Эрик даже не удивился и ни в чем не усомнился. Он всегда лучше меня знал, на что я способна.
И я это сделала: отчаянно, дерзко и совсем неплохо. И была вознаграждена. Вдруг я стала успешной. Издательство заключило со мной договор, карьера пошла в гору! Я как рычаг использовала все скопившееся разочарование и отчаяние и сумела круто развернуть свою жизнь: из депрессивной секретарши превратилась в Писателя. Я стала, казалось мне тогда, именно такой, какой всегда мечтала быть, – уверенной, смелой и хорошо зарабатывающей. Меня поздравляли с этим превращением, и я охотно принимала поздравления, потому что была уверена в себе. Но в глубине души я всегда знала, что всем этим обязана Эрику. Он верил в меня больше, чем я сама, и он показал мне путь к новой жизни. И если бы тогда вы сказали мне, что настанет день, когда Эрик не захочет услышать мой тайный голос, и, мало того, я своими руками разрушу веру этого самого преданного на свете мужчины, я бы ни за что не поверила.

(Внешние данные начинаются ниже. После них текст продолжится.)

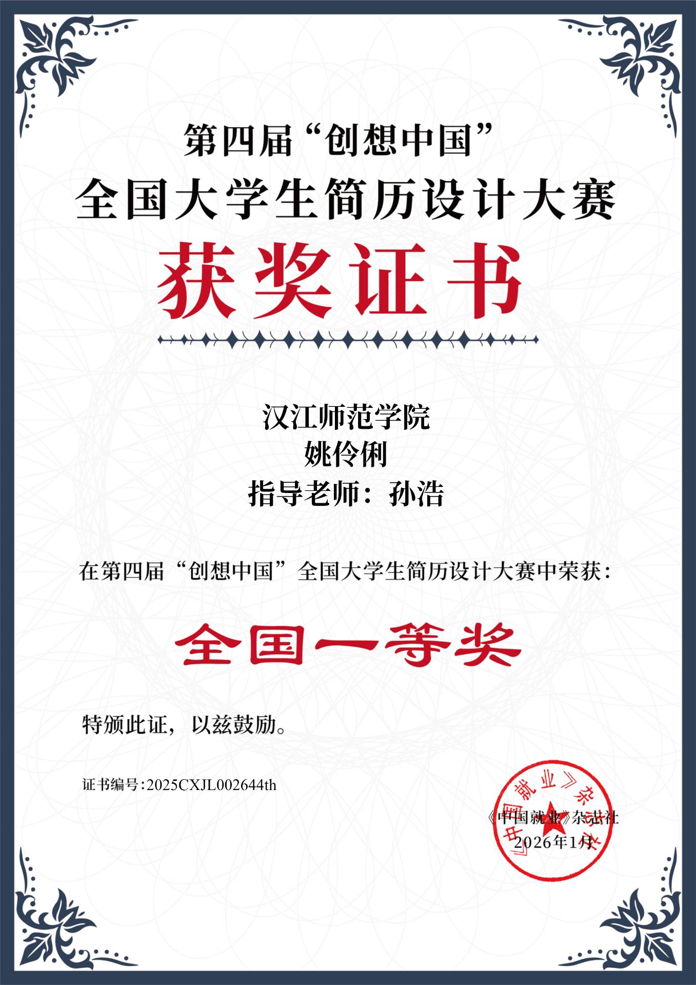 近日,第四届“创想中国”全国大学生简历设计大赛圆满落幕。我校历史文化与旅游学院历史学专业2301班姚伶俐同学在孙浩老师指导下,凭借专业扎实、创意鲜明的简历作品,从全国众多高校参赛者中脱颖而出,荣获全国一等奖,充分展现了我校学生良好的职业素养与创新能力。
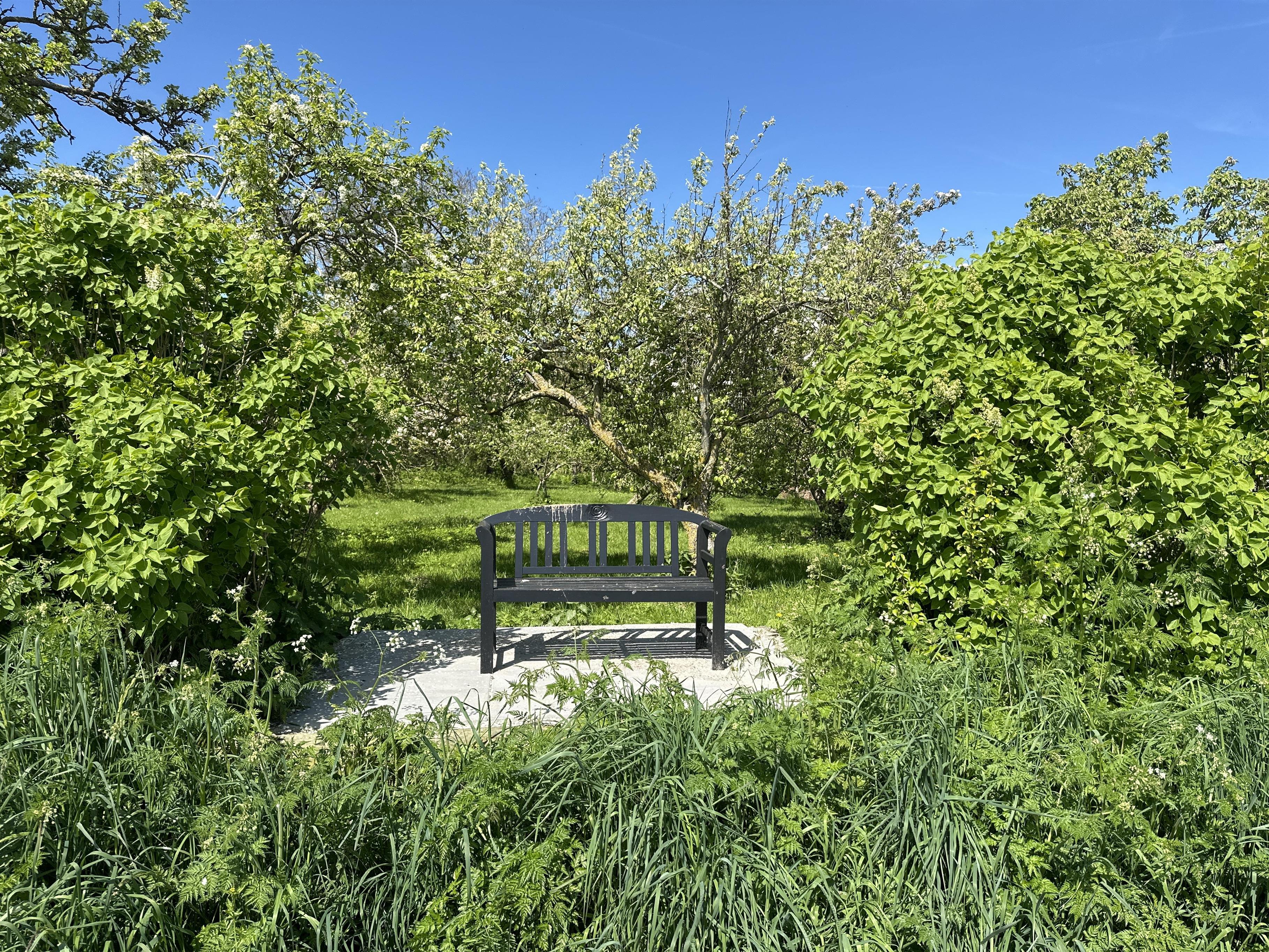 If you follow the path up through the apple orchard, you will find a small bench with a breathtaking view of the water – a perfect place for morning coffee, a good book or a quiet moment with nature.

И тем не менее к тому моменту, когда, послушная своему внутреннему голосу, я оказалась здесь, в мясной лавке в двух часах езды от дома, я уже успела на горьком опыте убедиться, что совершила ошибку. Теперь-то я знаю, что даже идеально подходящие друг к другу куски мозаики могут сломаться, треснуть, рассыпаться.
* * *
Нарезав печень, я иду к маленькой раковине у задней стены, чтобы немного отмыться. Мою левую руку (я левша) украшает странный браслет из необработанной кожи: он обвивает запястье и тонкой полоской сбегает по тыльной стороне ладони к среднему пальцу, охватывая его петлей. На коже еще сохранилось несколько белесых волосков, хотя большая часть шерсти успела вытереться. Люди принимают его за какое-то лечебное средство от боли в запястье или растяжения, но на самом деле я ношу браслет как напоминание о том, что мне пришлось пережить за несколько последних лет. Весь мой рассказ будет рассказом о семейной жизни, мясе и одержимости. Я пытаюсь смыть с браслета кровь, но это бесполезно – она успела впитаться в кожу. Потом я беру белую фарфоровую тарелку, украшенную маленькими подсолнухами, как будто попавшую сюда с какой-то старомодной уютной кухни, кладу на дно впитывающую прокладку, поверх нее – специальную зеленую бумагу и красивым цветком раскладываю на ней ломти печени.
Вскоре после того, как закончился тот сумасшедший, изменивший мою жизнь год, я вдруг обнаружила, что все более или менее вернулось на круги своя, и это расстраивало и пугало меня. Нет, конечно, кое-что изменилось. Было бы глупо и неблагодарно с моей стороны не замечать появившихся денег, посыпавшихся на меня приглашений на работу, контракта с издательством, новых друзей и поклонников и, разумеется, моего верного и любящего мужа. Отношения между нами стали, кажется, ровнее и спокойнее после целого года тяжелых испытаний, которые я собственноручно и сознательно создавала. У меня вроде бы имелись все основания чувствовать гордость и полную удовлетворенность. Почему же тогда все это казалось… не знаю… каким-то обманом? Почему я все время чувствовала, что если сейчас ущипну себя, то проснусь и вся эта воплотившаяся мечта исчезнет, словно облачко дыма?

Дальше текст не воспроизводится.